[Dataset extract — start]

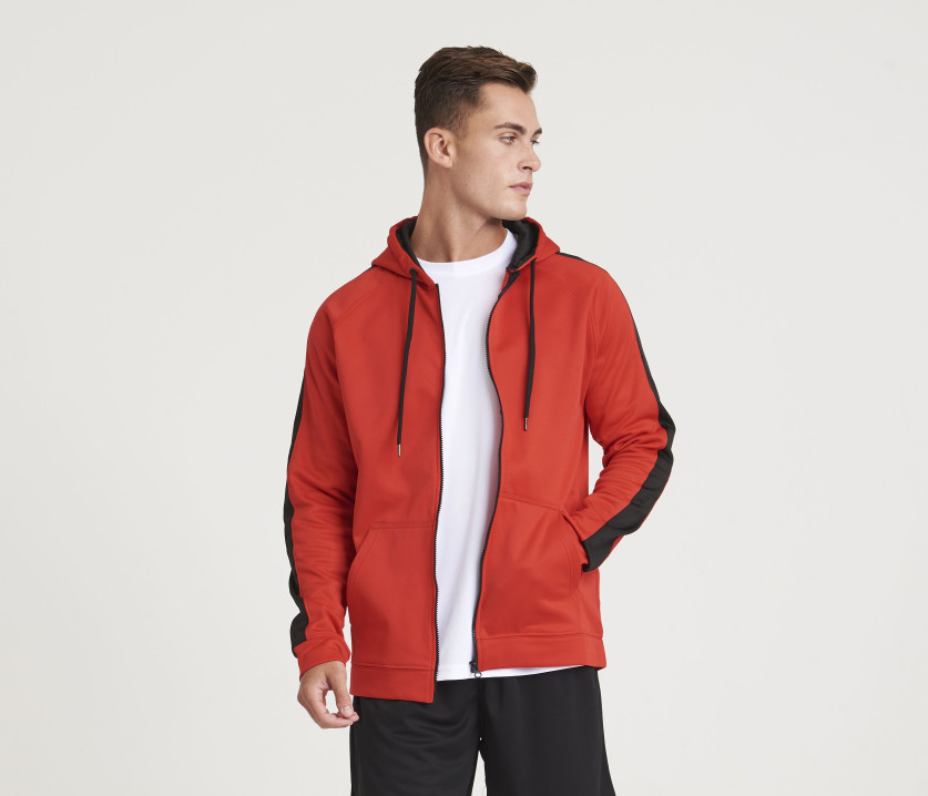 Standard-Passform. Kapuze mit durchgehendem Reißverschluss. Kontrastfarbiger Kunststoff-Reißverschluss. Raglanärmel mit kontrastierender Blende. Kontrastfarbene runde Kordelzüge. Dreiteilige Kapuze mit kontrastierender Innenseite. Innenseite aus gebürstetem Fleece. Geteilte Känguru-Taschen. Details mit Zwillingsnadeln genäht. Abreißbares Etikett.
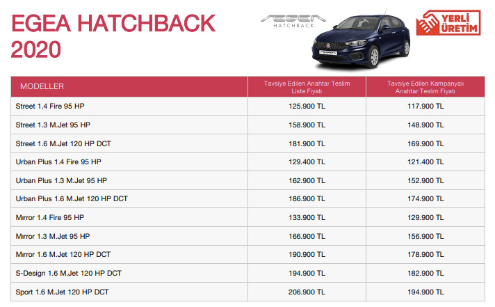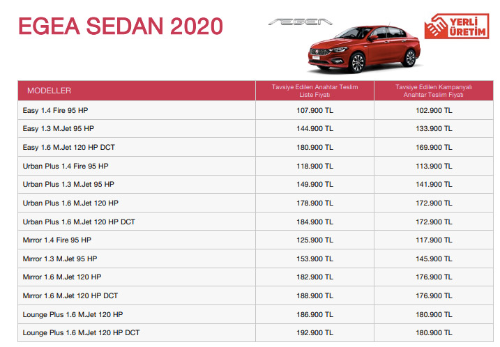 Fiat Egea Sedan modelinin çok satması nedeniyle müşterilerine fırsat oluşturmayı amaçladı. Kampanyalı sıfır fiyatlarıyla Fiat yetkili bayilerinde müşterilerini bekliyor.
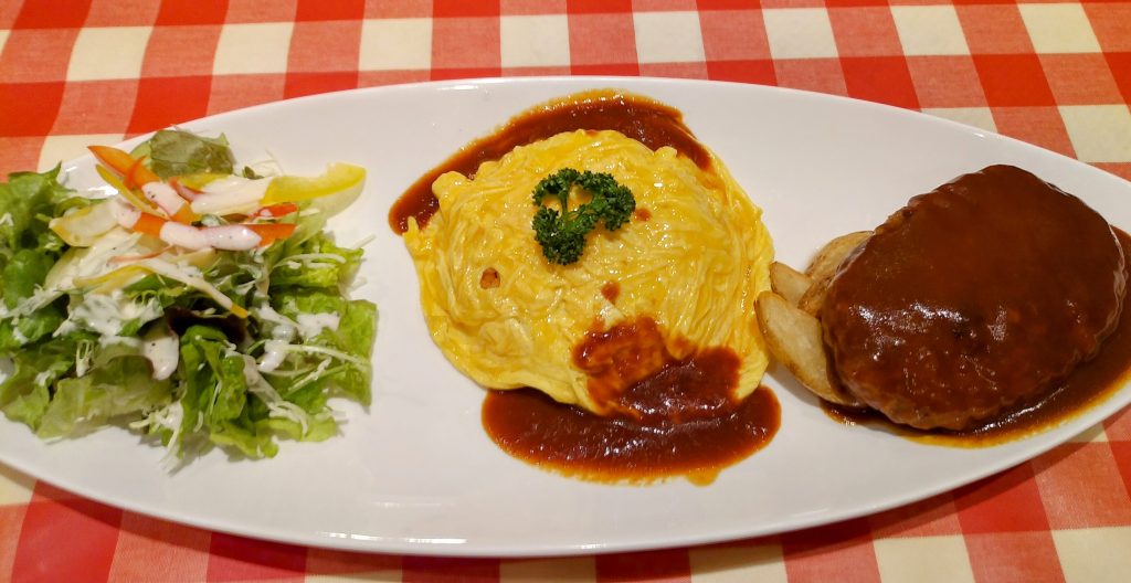 ご飯は「東京洋食屋 神田グリル」にてサラダ、オムライス、ハンバーグのミックスプレートをいただきました🍴
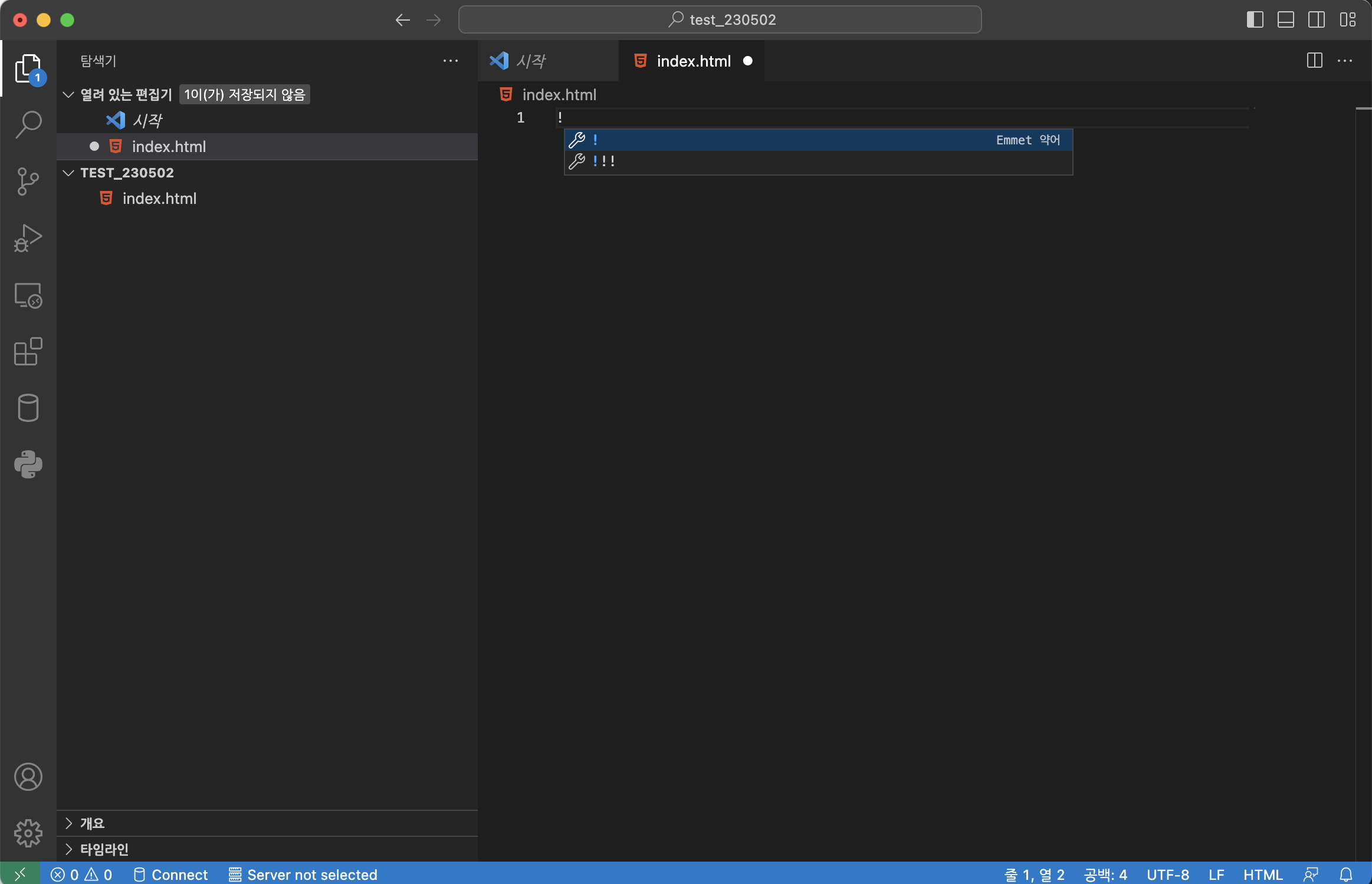 - 빈 html 파일에서 "html:5" 입력
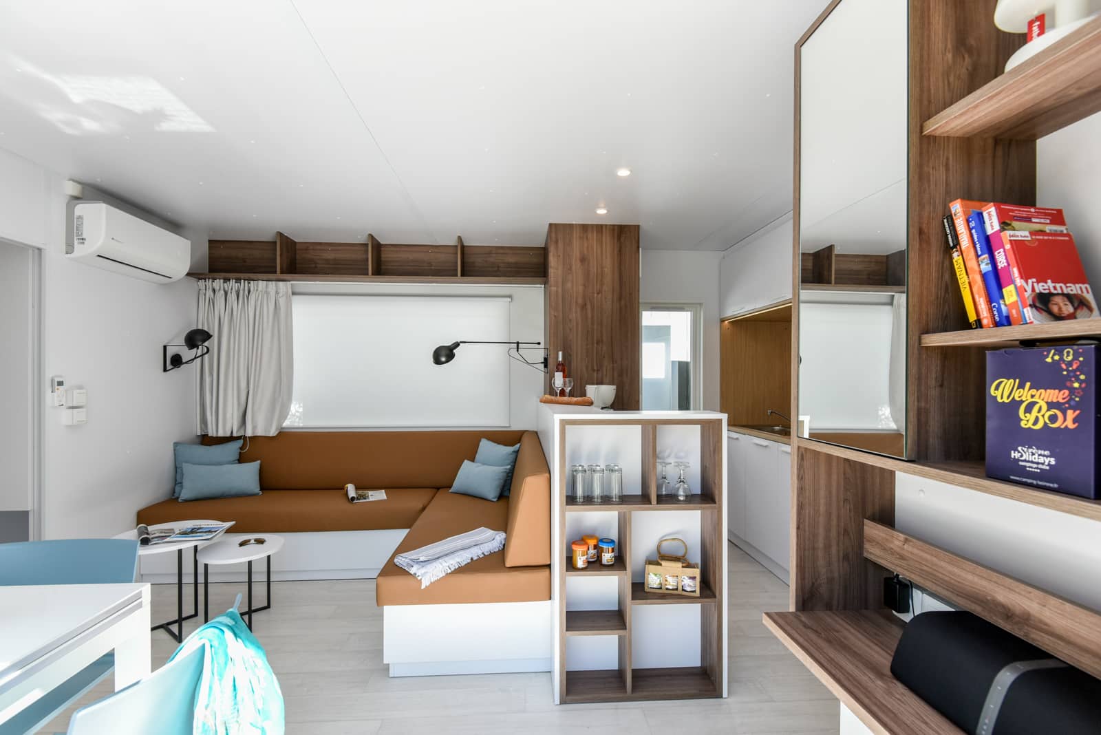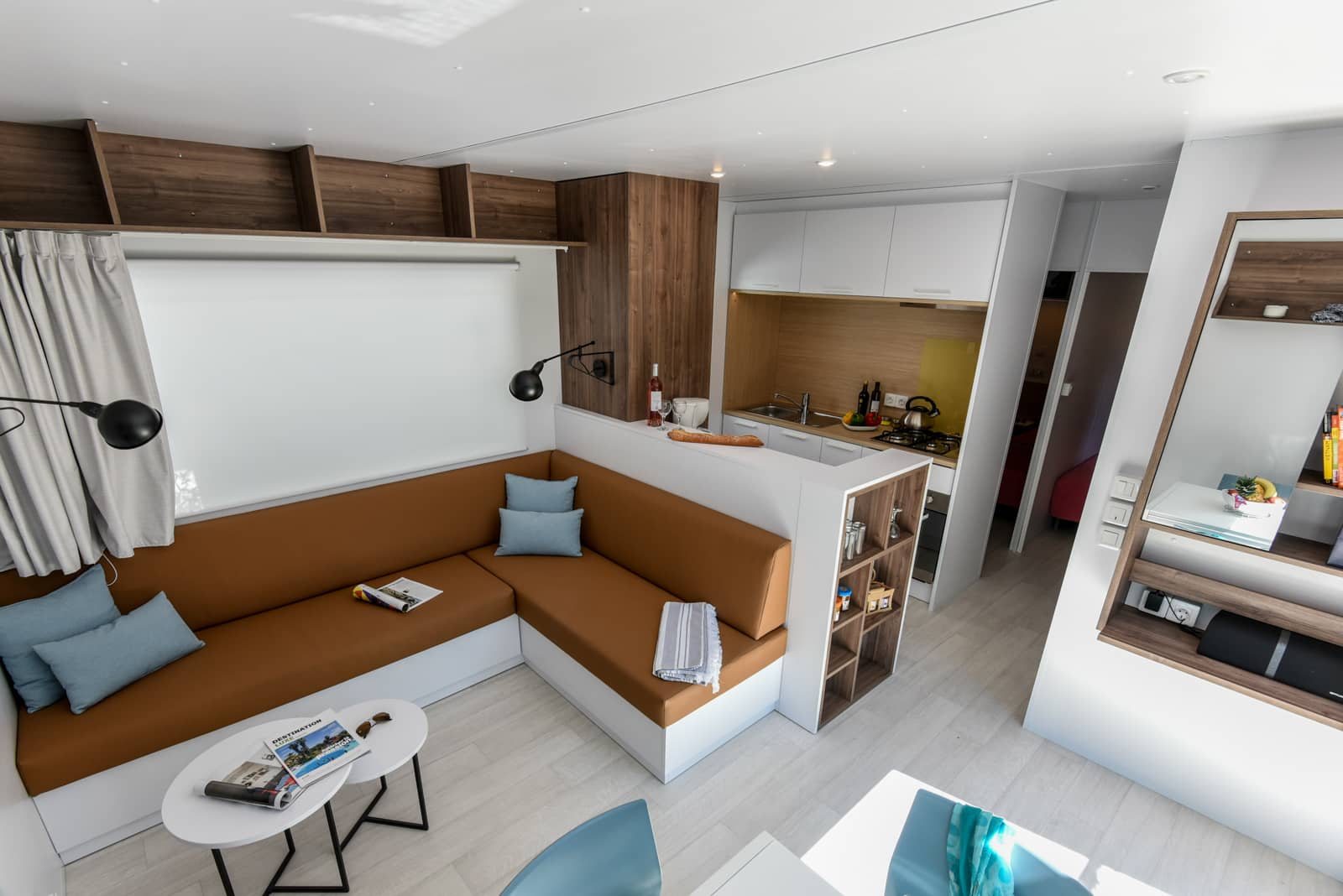 Al cruzar la puerta de entrada, quedará inmediatamente encantado con el excelente estado general de esta casa móvil. La cocina equipada le permitirá preparar deliciosas comidas para toda la familia, mientras que la sala de estar central con su banco ofrece un espacio acogedor para relajarse y disfrutar juntos.
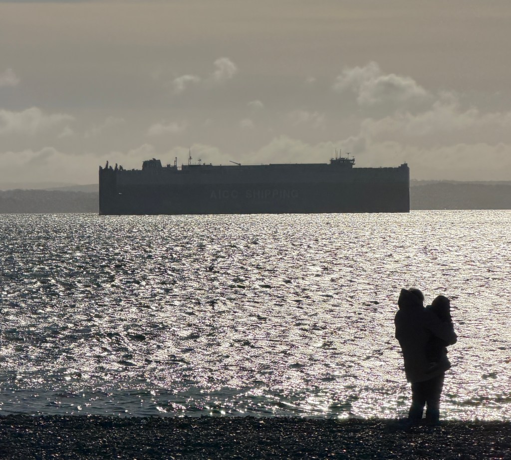 The header picture? The silhouetted rather blocky ship is the AICC Fenghuang, a car carrier, with the capacity of 7,000 cars. The two people looking out over the water, are Elayne and Aurora.
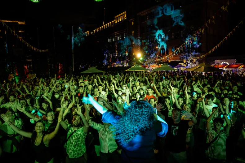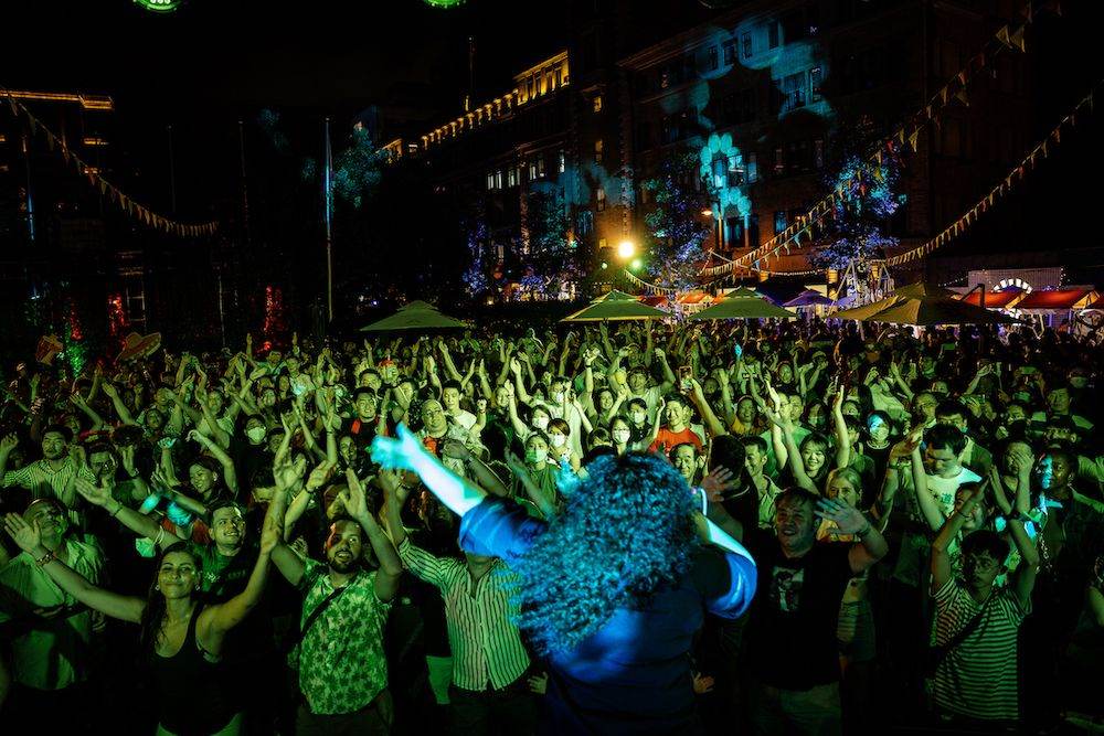 As the day transitions into evening, the focus shifts toward music and live performances. More than 20 DJs and artists perform across the festival period, moving from relaxed daytime selections to more energetic sets later in the evening.
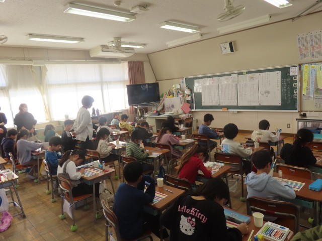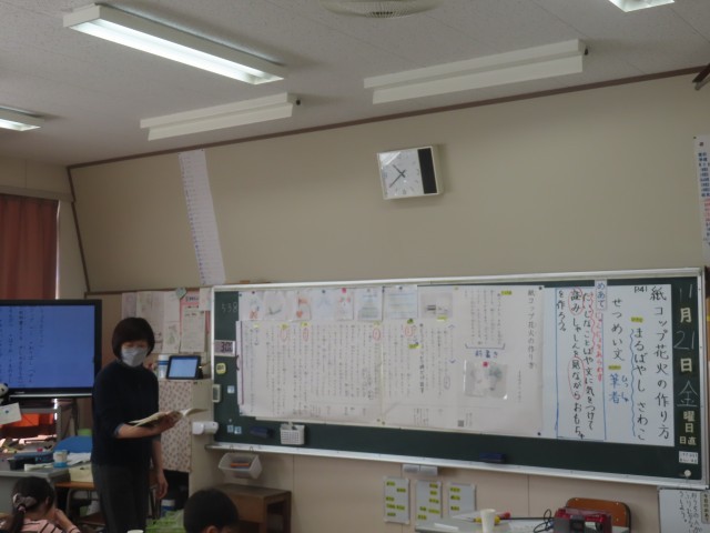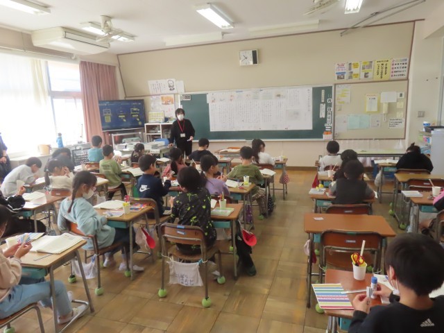 2年生は国語で説明文「紙コップ花火の作り方」の学習に取り組んでいました。今日は、本文から作り方を読み取り、実際の道具を使って紙コップ花火を作る活動を行いました。子どもたちは手順を確認しながら丁寧に作業していました。

[Dataset extract — finish]

Work request: Starting from the line with "Fiat Egea Sedan" in the records above, repeat each line exactly until you have written the line with "- 빈 html 파일에서", then stop; drop the pictures.

Exercise answer:
 Fiat Egea Sedan modelinin çok satması nedeniyle müşterilerine fırsat oluşturmayı amaçladı. Kampanyalı sıfır fiyatlarıyla Fiat yetkili bayilerinde müşterilerini bekliyor.
 ご飯は「東京洋食屋 神田グリル」にてサラダ、オムライス、ハンバーグのミックスプレートをいただきました🍴
 - 빈 html 파일에서 "html:5" 입력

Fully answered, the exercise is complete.